Click the chart value.单击图表值。

In the Schema view, you can click on a chart value to build a query. 在“架构”视图中,可以单击图表值来构建查询。For example, the following image shows the query filter built by clicking the EWR value for the departureAirportFsCode field.例如,下图显示了通过单击departureAirportFsCode字段的EWR值构建的查询筛选器。

Example of a created filter
2

Optional. 可选。Select multiple values.选择多个值。

To select multiple values for a field, click and drag the cursor over a selection of values, or press shift+click on the desired values.要为字段选择多个值,请单击并将游标拖动到选定的值上,或者按shift键并单击所需的值。

Exmaple of selecting multimple values for a field
3

Optional. 可选。Click on other field values to create a compound query.单击其他字段值以创建复合查询。

For example, the following image shows shows the compound query built by selecting a value in the flightId field.例如,下图显示了通过在flightId字段中选择一个值构建的复合查询。

Example of a compound query
4

Optional. 可选。Deselect a value.取消选择值。

To deselect a previously selected value, shift+click on the selected value:要取消选择先前选定的值,请按住shift键并单击选定的值:

Example of removing a value from a filter
5

Run the query运行查询

To run the query, click Analyze. 若要运行查询,请单击“分析”。Click Reset to clear your query.单击“重置”以清除查询。

Analyze Location Data分析位置数据

In the Schema tab, you can use interactive maps to filter and analyze location data. 在“模式”选项卡中,可以使用交互式地图来筛选和分析位置数据。If your field contains GeoJSON data or [longitude,latitude] arrays, the Schema tab displays a map containing the points from the field. The data type for location fields is coordinates.如果您的字段包含GeoJSON数据[longitude,latitude]数组,则“架构”选项卡会显示一个包含字段中的点的地图。位置字段的数据类型为坐标。

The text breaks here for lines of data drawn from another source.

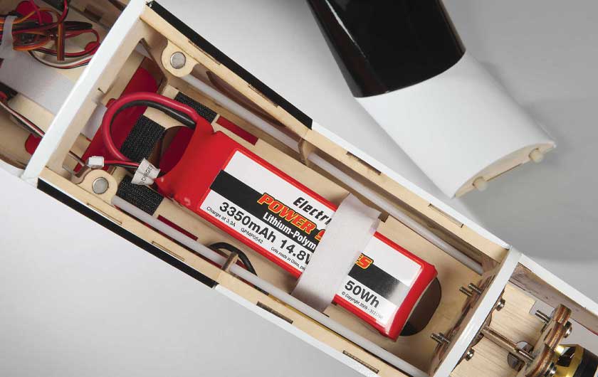 Your flight battery or fuel tank fits easily into this large, on-board compartment with magnetic hatch for easy access.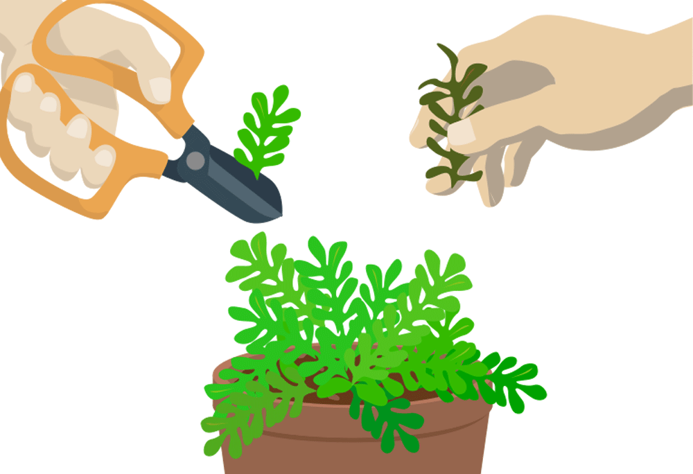 - 暖かくなってくると、枯れ葉や傷んだ葉から病気が発生することがあります。見つけたら取り除いて発生を予防するようにします。また、葉が生い茂って混み合ってきたら剪定を行うと良いです。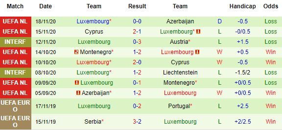 + Thống kê 10 trận gần nhất của Luxembourg

Image showing example field with location data

Apply a Location Filter应用位置筛选器

You can apply a filter to the map to only analyze a specific range of points. 您可以对地图应用筛选器,以仅分析特定范围的点。To define a location filter:要定义位置筛选器,请执行以下操作:

  1. Click the Circle button at the top-right of the map.单击地图右上角的“圆形”按钮。
  2. Click and drag on the map to draw a circle containing the area of the map you want to analyze.单击并拖动地图以绘制一个包含要分析的地图区域的圆。
  3. Repeat this process as desired to include additional areas of the map in the schema analysis.根据需要重复此过程,以便在模式分析中包括地图的其他区域。
Image showing map with filter circles drawn

The query bar updates as you draw location filters to show the exact coordinates used in the $geoWithin query applied to the schema analysis.在绘制位置筛选器时,查询栏会更新,以显示应用于架构分析的$geoWithin查询中使用的确切坐标。

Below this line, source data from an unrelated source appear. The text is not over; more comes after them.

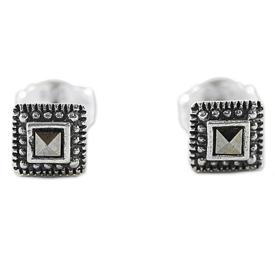 Gorgeous Love,'Sterling Silver and Marcasite Square Stud Earrings'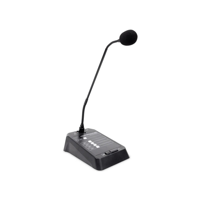 - Push-to-talk desktop microphone designed for multi-zone paging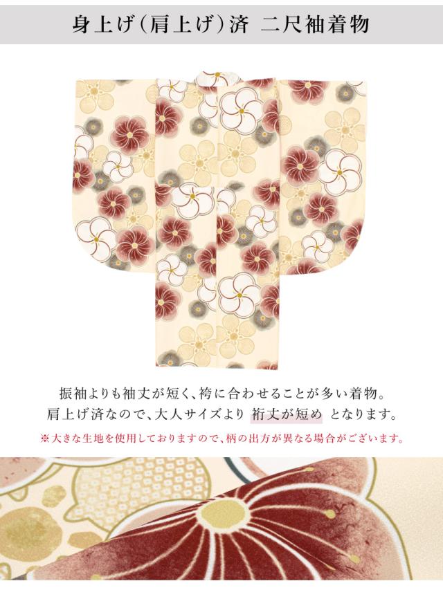 ※着物の柄部分は大きな生地を使用して作られておりますので、色や柄の出方、模様の配置等が画像と異なる場合がございます。

If you specify multiple location filters, the query becomes an $or query with multiple $geoWithin operators.如果指定多个位置筛选器,则查询将变为具有多个$geoWithin运算符的$or查询。

Edit a Location Filter编辑位置筛选器

To move or resize a location filter, click on the right side of the map. 要移动位置筛选器或调整其大小,请单击地图右侧的You will enter the filter editing mode, which looks like this:您将进入筛选器编辑模式,如下所示:

Image showing map filter editing
To move a filter移动筛选器
Click and drag the square in the center of the circle.单击并拖动圆中心的正方形。
To resize a filter调整筛选器的大小
Click and drag the square at the edge of the circle.单击并拖动圆边缘的正方形。

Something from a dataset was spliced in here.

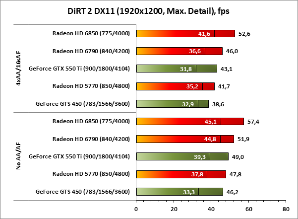 В игре Colin McRae DiRT 2 ускорителю Radeon HD 6790 также удалось хоть и не на много, но всё же обойти GeForce GTX 550 Ti. А вот Radeon HD 5770 сдал позиции и слегка уступил GTX 550 Ti.

After modifying your filters, click Save.修改筛选器后,单击“保存”。

Delete a Location Filter删除位置筛选器

To delete a location filter from the map:要从地图中删除位置筛选器,请执行以下操作:

  1. Click on the right side of the map.单击地图右侧的
  2. Either click:单击以下两者之一:

    • A location filter to delete that filter.用于删除该筛选器的位置筛选器。
    • Clear All to delete all location filters.“清除全部”以删除所有位置筛选器。
  3. Click Save.单击“保存”。

Troubleshooting故障排除

If the analysis of your schema times out, it might be because the collection you are analyzing is very large, causing MongoDB to stop the operation before the analysis is complete. 如果您的模式分析超时,可能是因为您正在分析的集合非常大,导致MongoDB在分析完成之前停止操作。Increase the value of MAX TIME MS to allow the operation time to complete.增加“MAX TIME MS”的值以允许操作时间完成。

To increase the value of MAX TIME MS:要增加“MAX TIME MS”的值:

  1. In the query bar, expand Options.在查询栏中,展开“选项”。

    The Options button is on the right side of the query bar, next to the Analyze button.
  2. Increase the value of MAX TIME MS to accommodate your collection. 增加“MAX TIME MS”的值以适应您的集合。MAX TIME MS defaults to 60000 milliseconds, or 60 seconds, but large collections might take tens of seconds to analyze.“MAX TIME MS”默认为60000毫秒,即60秒,但大型集合可能需要数十秒才能进行分析。

Once you have increased the value of MAX TIME MS, retry your schema analysis by clicking Analyze.一旦增加了“MAX TIME MS”的值,请单击“分析”重试模式分析。